Metro

65 schools unfit for Monday restart

As many as 40,000 students at 65 public schools that are unusable because of severe damage from Hurricane Sandy will not resume classes Monday as planned, city officials said yesterday.

Instead, those students will be rerouted to school buildings left unscathed by the storm — but not until Wednesday.

School officials said the delay is necessary because of significant challenges posed by the situation — including the need to create new routes for a host of yellow buses and to figure out how to share space in buildings that are suddenly serving multiple schools.

Schools are not in session Tuesday because many serve as polling sites for the election.

“Wednesday, I do expect challenges. I mean, that’s seriously going to be a challenging day,” said Schools Chancellor Dennis Walcott. “Those challenges will [be] lessening over a period of time.”

The remainder of the city’s 1 million public school kids will come back to school Monday, following an entire week off.

This includes students at eight large high schools that have been and will continue serving as evacuation centers from the storm — although city officials said they’d keep track of concerns about safety and cleanliness in those buildings.

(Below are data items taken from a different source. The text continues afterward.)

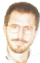
Botéquio: cuidar do meio ambiente e investir na saúde da população

de facilitar o despejo de lixo, esgotos e resíduos industriais. Ao apresentar a denúncia, o vereador observou que "esses ataques ao meio ambiente são ameaças ao futuro da população".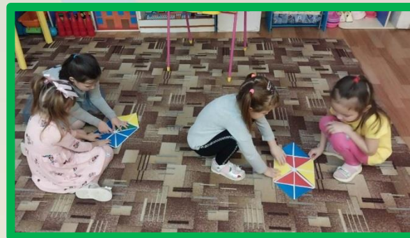
Технология «Квадрат Воскобовича»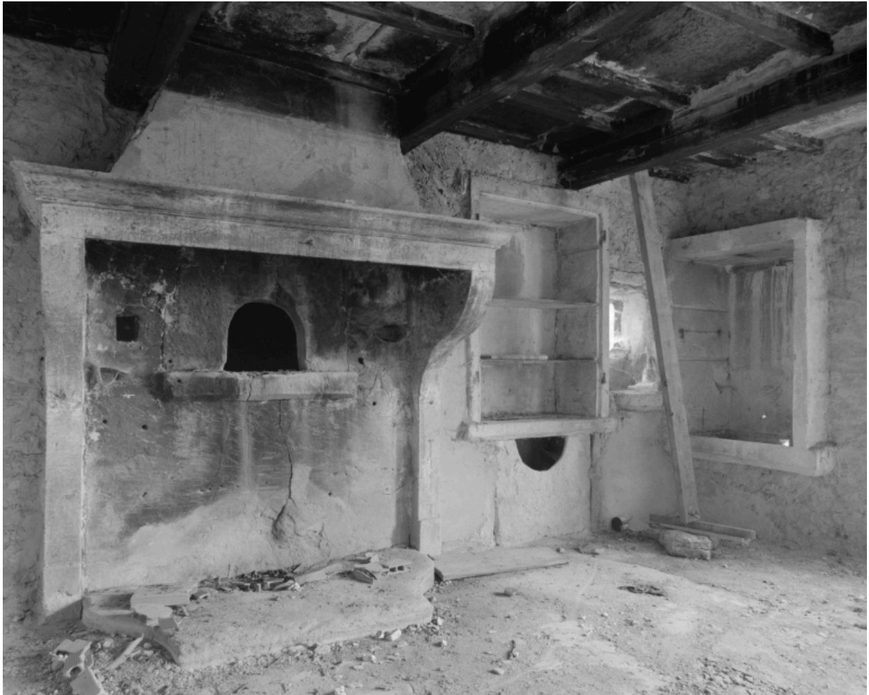
Pièce principale du logis : détail de la cheminée, du four à pain, du potager et de la souillarde.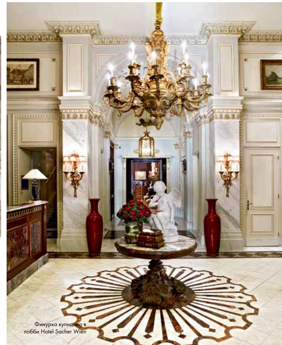
Финурка купидона в лобби Hotel Sacher Wien

Венский Sacher по праву может считаться одним из самых престижных и стильных отелей Европы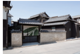
ANDO MUSEUM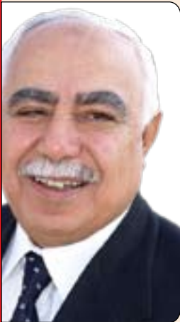
پ. د. نازاد نه قشبه ندى *

۱ - پیناسه کردن و پۆلینکردنی دراوسیکانی هه ریم به شیوه یه کی راست وه که دهوله تانی داگیره کهر. ناییت بۆ تاکه چرکه یه که نه وه له یادکه یین که دهوله تانی دراوسى، نه زمونی هه رتیمی کوردستان به مه ترسی گه وره داده یین له سه ریان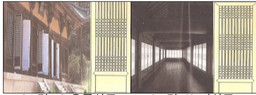
[그림 1] 우물살문 [그림 2] 띠살문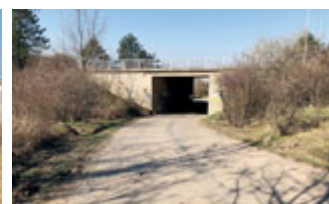
24. 3. jsme uklidili za psychiatrickou nemocnicí a podjezd pod Černovickou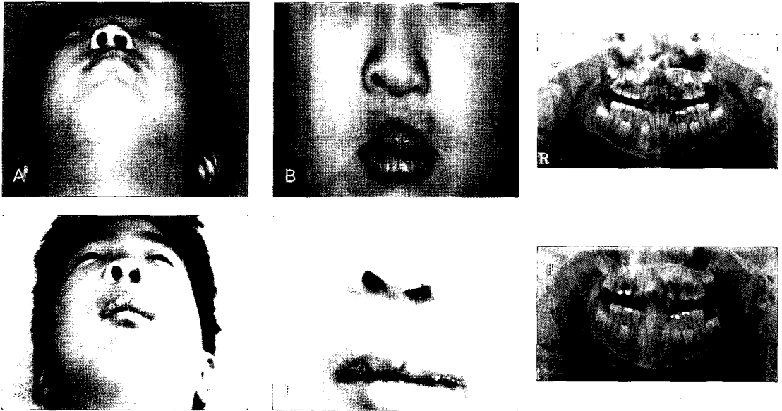
그림 3. Case 2 patient : Eight-year-old boy. A. Oblique SMV view photo, pre-operatively. B. Frontal view photo, pre-operatively. C. Panoramic view, pre-operatively. D. Oblique SMV view photo, post-operatively. E. Frontal view photo, post-operatively. F. Panoramic view, post-operatively.

At one of the eight sites, Graphic Communication Arts HS in Manhattan’s Hell’s Kitchen, residents broke toilets by stuffing clothes down them and left human feces under a cafeteria table.

On Staten Island, Tottenville HS is being used as both a methadone clinic and an animal hospital, according to a source.

“There’s no way this building can be ready for students by Monday,” United Federation of Teachers representative Alice O’Neil said after touring Graphic Communications Arts HS. “It’s not sanitary.”